■ TASK GOAL ■
In the copy, keep every word of the data below and none of its pictures.

■ DATA EXCERPT ■
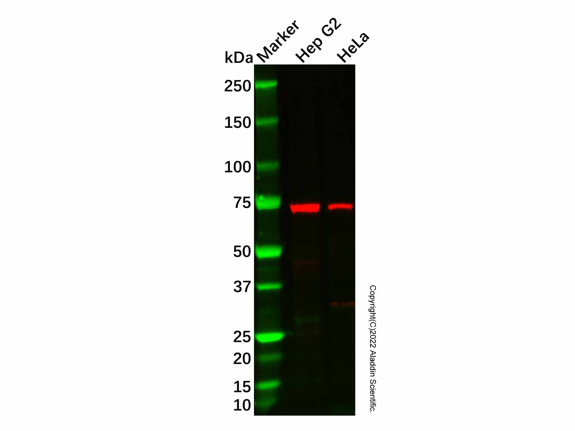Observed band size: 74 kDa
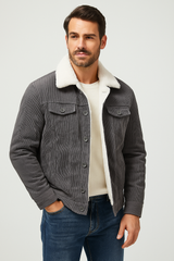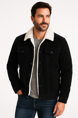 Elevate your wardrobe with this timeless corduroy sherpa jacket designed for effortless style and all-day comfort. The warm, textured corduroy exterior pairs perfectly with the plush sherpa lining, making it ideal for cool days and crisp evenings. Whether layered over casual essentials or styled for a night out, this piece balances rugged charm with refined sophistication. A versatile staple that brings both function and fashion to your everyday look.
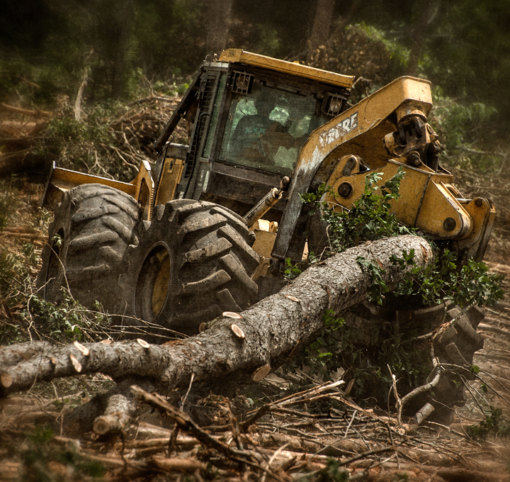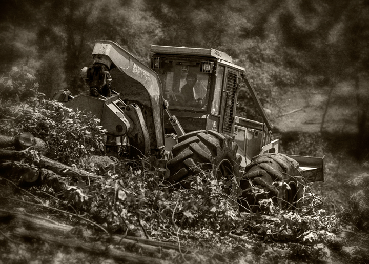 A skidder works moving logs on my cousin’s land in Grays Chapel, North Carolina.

■ OUTPUT FOR THIS EXERCISE ■
Observed band size: 74 kDa
 Elevate your wardrobe with this timeless corduroy sherpa jacket designed for effortless style and all-day comfort. The warm, textured corduroy exterior pairs perfectly with the plush sherpa lining, making it ideal for cool days and crisp evenings. Whether layered over casual essentials or styled for a night out, this piece balances rugged charm with refined sophistication. A versatile staple that brings both function and fashion to your everyday look.
 A skidder works moving logs on my cousin’s land in Grays Chapel, North Carolina.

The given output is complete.